[Work to complete]
Between the line containing "秋冬款韩系高密织法宽条纹翻领莱塞尔时髦套头V领针织衫" and the line containing "雨を降らしたような。作家さんモダンPOT白×黄ライン(7.5cm)" lies a run of lines; give that run again exactly, with both of those lines, and nothing else from the entries below.
(Source records Opens)
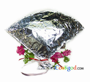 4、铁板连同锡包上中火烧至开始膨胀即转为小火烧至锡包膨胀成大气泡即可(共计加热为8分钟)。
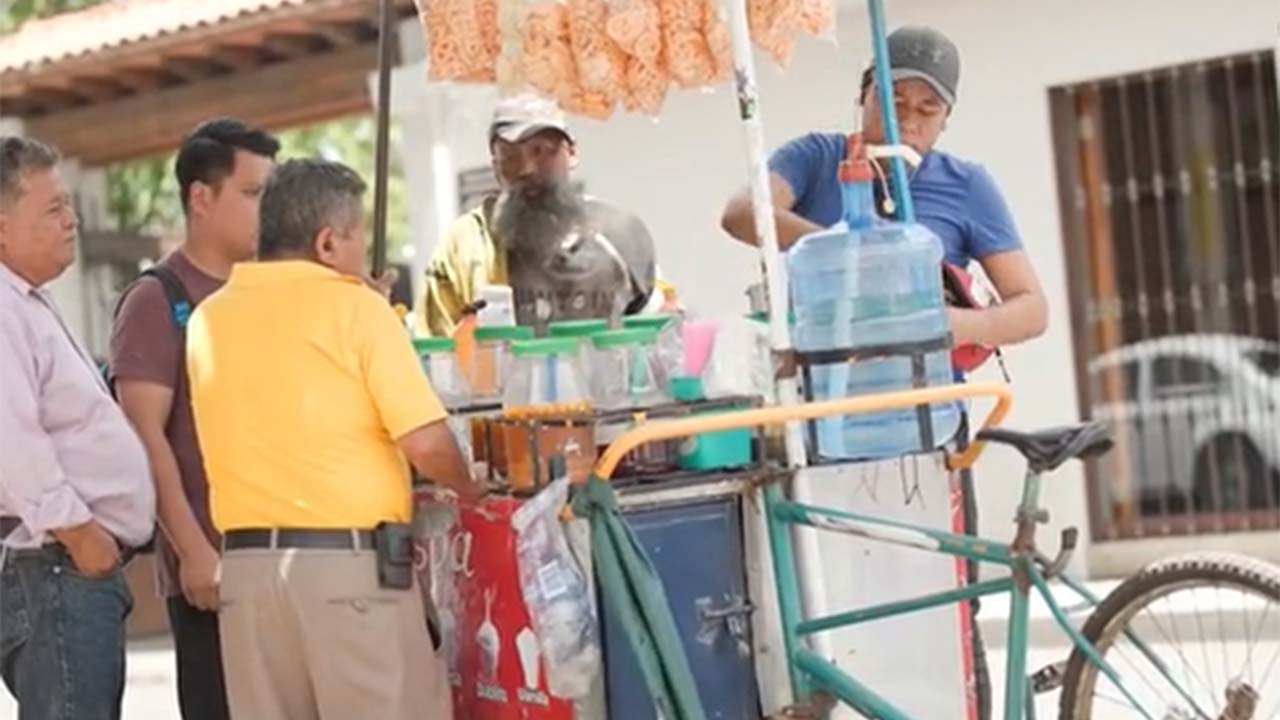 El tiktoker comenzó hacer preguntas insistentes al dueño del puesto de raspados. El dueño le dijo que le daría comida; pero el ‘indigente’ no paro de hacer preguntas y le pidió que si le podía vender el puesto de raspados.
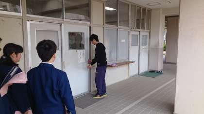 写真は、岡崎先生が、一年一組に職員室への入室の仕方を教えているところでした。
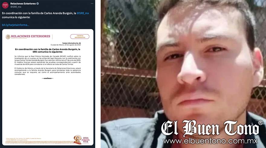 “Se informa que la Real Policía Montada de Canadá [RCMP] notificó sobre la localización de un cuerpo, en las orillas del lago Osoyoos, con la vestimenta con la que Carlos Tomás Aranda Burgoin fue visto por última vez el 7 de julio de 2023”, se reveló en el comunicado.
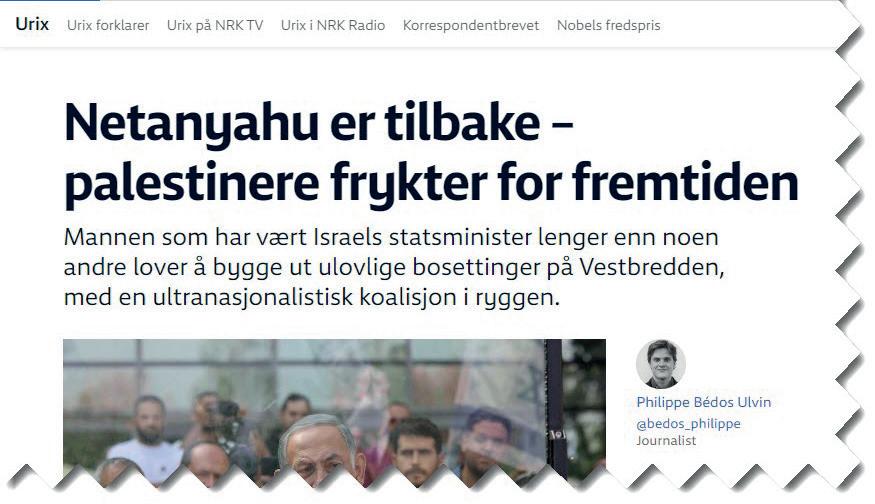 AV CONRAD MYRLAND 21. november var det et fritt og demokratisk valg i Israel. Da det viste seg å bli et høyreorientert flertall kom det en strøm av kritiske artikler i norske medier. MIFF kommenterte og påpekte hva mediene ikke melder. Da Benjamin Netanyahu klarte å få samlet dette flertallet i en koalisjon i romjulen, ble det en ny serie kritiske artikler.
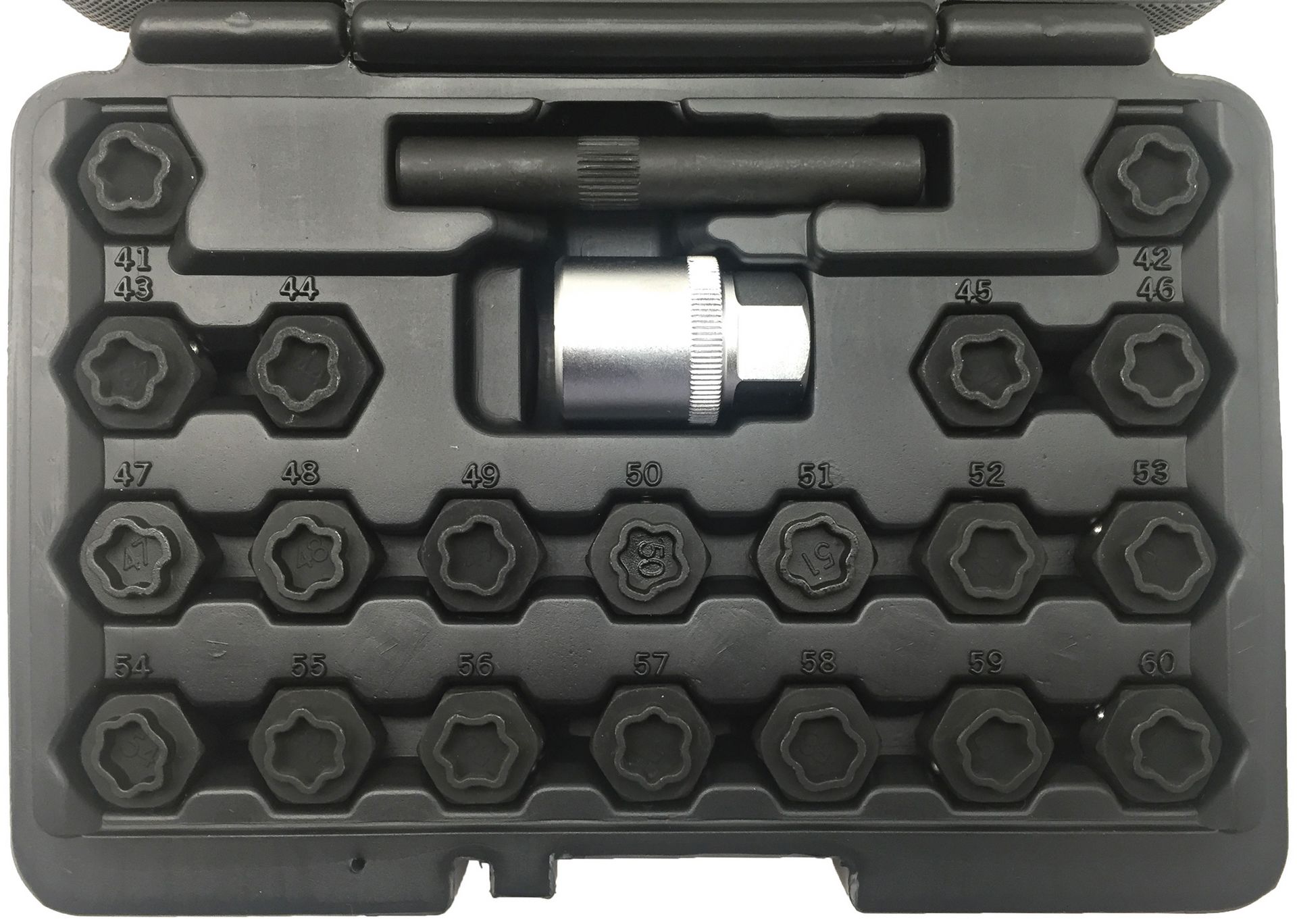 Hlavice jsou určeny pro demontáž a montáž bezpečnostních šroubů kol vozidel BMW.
(Source records Closes)
(Source records Opens)
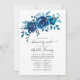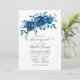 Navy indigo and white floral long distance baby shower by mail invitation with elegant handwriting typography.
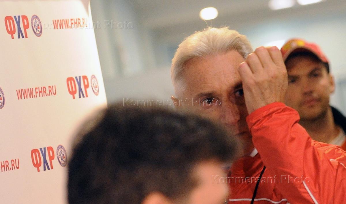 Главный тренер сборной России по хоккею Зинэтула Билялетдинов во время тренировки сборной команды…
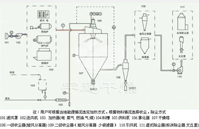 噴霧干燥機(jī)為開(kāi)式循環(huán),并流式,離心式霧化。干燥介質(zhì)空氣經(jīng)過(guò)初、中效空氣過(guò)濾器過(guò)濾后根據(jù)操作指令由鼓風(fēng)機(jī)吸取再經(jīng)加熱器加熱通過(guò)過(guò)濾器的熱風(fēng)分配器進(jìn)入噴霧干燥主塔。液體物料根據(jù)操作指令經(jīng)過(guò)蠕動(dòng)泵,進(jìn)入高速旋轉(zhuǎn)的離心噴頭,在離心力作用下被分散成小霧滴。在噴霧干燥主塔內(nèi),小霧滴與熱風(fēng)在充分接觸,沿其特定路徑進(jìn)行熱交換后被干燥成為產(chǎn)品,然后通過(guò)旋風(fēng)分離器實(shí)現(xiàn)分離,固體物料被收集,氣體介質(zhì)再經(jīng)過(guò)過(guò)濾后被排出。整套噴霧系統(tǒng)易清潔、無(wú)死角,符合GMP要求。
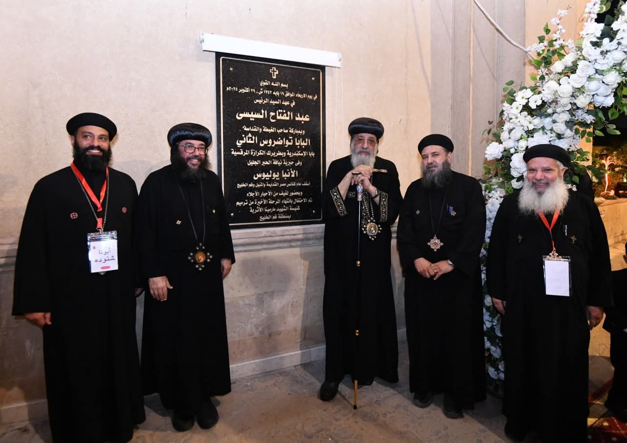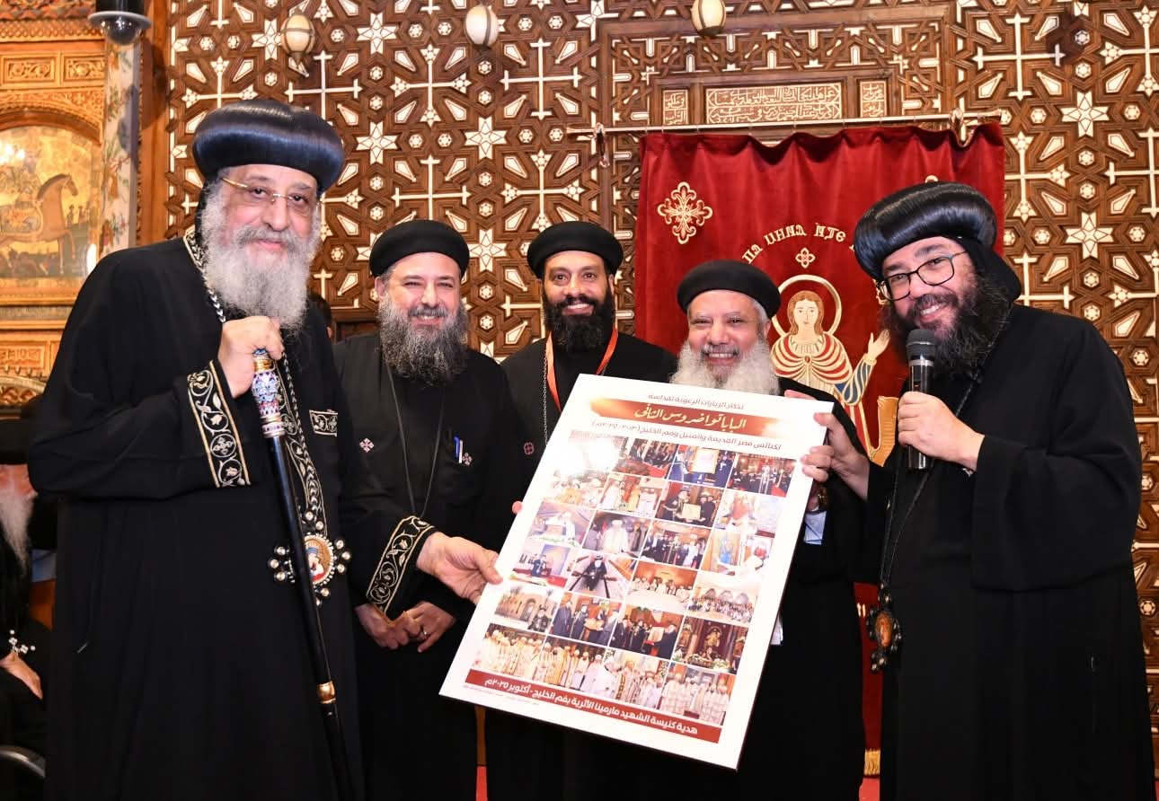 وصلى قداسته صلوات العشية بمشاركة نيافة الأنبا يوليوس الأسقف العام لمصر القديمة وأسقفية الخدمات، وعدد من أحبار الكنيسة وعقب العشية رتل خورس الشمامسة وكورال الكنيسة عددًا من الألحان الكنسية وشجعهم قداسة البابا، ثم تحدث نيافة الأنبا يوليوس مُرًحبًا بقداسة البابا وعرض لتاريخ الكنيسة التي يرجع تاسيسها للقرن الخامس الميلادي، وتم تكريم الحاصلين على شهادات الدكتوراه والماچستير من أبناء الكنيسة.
(Source records Closes)
(Source records Opens)
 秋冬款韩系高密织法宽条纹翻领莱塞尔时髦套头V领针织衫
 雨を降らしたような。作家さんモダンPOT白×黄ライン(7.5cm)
(Source records Closes)
[Solution to the problem]
 秋冬款韩系高密织法宽条纹翻领莱塞尔时髦套头V领针织衫
 雨を降らしたような。作家さんモダンPOT白×黄ライン(7.5cm)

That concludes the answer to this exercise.